デシリットル
【デシリットル】
【dL】
1リットルの10分の1。100ml。
小学校低学年あたりで教えられ、それ以降使った覚えがない謎の単位。
微分方程式、行列、2次曲線…
時代の変遷とともに学習指導要領から消えていった項目は数知れず。
にも関わらず、残り続ける令和の怪物。
これは大きな陰謀が渦巻いているに違いない。とワタシは踏んでいる。
巨大企業デシリットルコンツェルンとかあるんだ。
政治家とつるんで、お主も悪よのう、グフフ、ゲヘヘ、とかやってるんだ。
吉宗様こいつらです。
世界デシリットル協会と言う巨大な組織が、各国の政府に圧力をかけているんだ。
アメリカが、インチとかヤードとか、アホみたいな単位を使い続けているのは、デシリットルの脅威と戦い続けているからなんだ。
さすが世界の警察。
日本も同盟国として、共にこの巨悪と戦わなければならない。
尺貫法の復活を急がねばならない。
それにしても、敵はなかなか尻尾を掴ませない。さすが巨悪。
誰を問い詰めても、『ハァ?(笑)』とはぐらかして決して繋がりを吐こうとしない。何とも口と結束が固い。

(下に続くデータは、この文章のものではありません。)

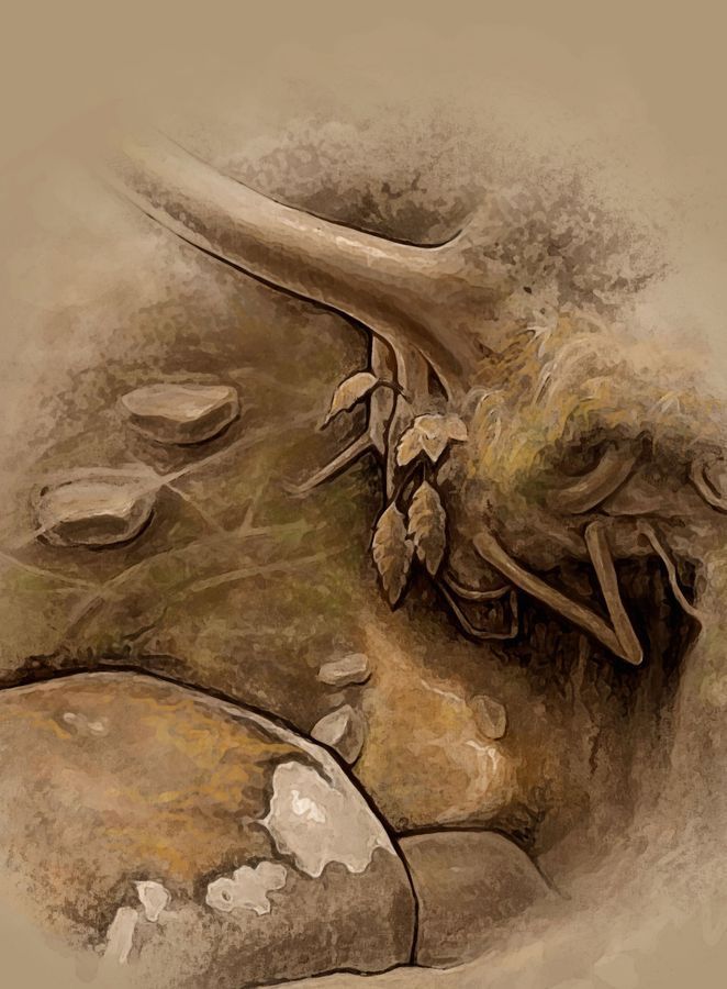 This sketch depicts an overview of my space. There are rocks covered in moss & lichen, and a small stream bed with water trickling through. A good size tree leans over the stream bed, with exposed roots brushing against the ground. I didn’t want to disturb my habitat too much, so I collected a very small amount of moss off the largest rock, seen in the bottom left of my sketch. I let the samples sit in water overnight, and this is what I found the following day…
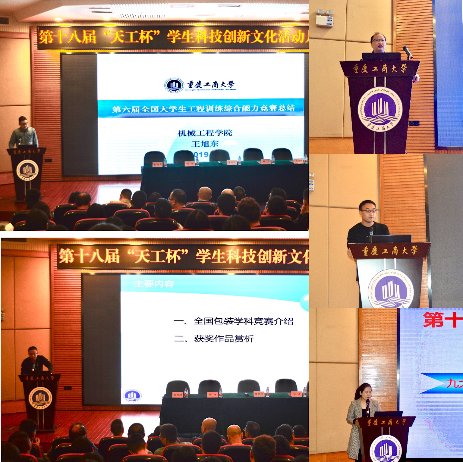 大会开始党总支副书记张晓琴介绍出席活动的嘉宾、领导及老师,对他们的到来表示热烈的欢迎。接着杜力院长提出四个主题词,从“感谢、祝贺、期待、思考”四个方面进行了讲解,感谢各个部门的支持、团队策划、校友赞助祝贺历届“天工杯”所取得的优异成绩期待通过工程“大染缸”锻造出聪明睿智,刻苦实干,严谨细致,团结协作的合格工程专业大学生。接下来学科竞赛指导老师谭伟、张书彬、王旭东、蒋昀赟老师分别介绍了往年机械学院学生参加省部级及以上赛事获奖情况,展示了往年参赛学生的作品和成绩,分析了122cc太阳集成游戏的科创现状,让学生们对赛事有了更深一步了解。之后科技活动月组织老师邢月军介绍了“天工杯”学生科技创新文化活动月九项赛事以及各项赛事的指导教师、QQ群和时间安排。最后教务处副处长松为同学们讲述了科技创新的重要性,鼓励同学们积极参加学科竞赛,同时对机械学院的学科竞赛予以肯定。

…これは、むしろ対抗する組織を立ち上げたほうがいいかもしれない。
こちらの存在が無視できないほど大きくなれば、敵から接触してくるだろう。
敵が【弟子リットル】なら、【師匠リットル】はどうだ?
1師匠リットル=10リットルだ。
敵が大いに動揺する姿が目に見えるようだ、ククク。
師匠リットル、早速小学校の教科書に加えよう。そうしよう。
それにより、アメリカと共に戦う意思を表明するのだ。
…大統領、感動して泣いちゃうかもしれないな。
日米同盟、超強力になっちゃうな。
他の国からも感謝されちゃうな。
…中国とか、パンダ100匹くらいくれるかもしれないな。
動物園のキャパ、大丈夫かな?
…エッフェル塔とか貰ってもな。耐震基準満たしてるのかなアレ。
これはやることがいっぱいだな。気を引き締めて行かなければならない。
「…てことで、
どうよ?俺の所信表明演説?」
「総理、仕事してください。」
おしまい。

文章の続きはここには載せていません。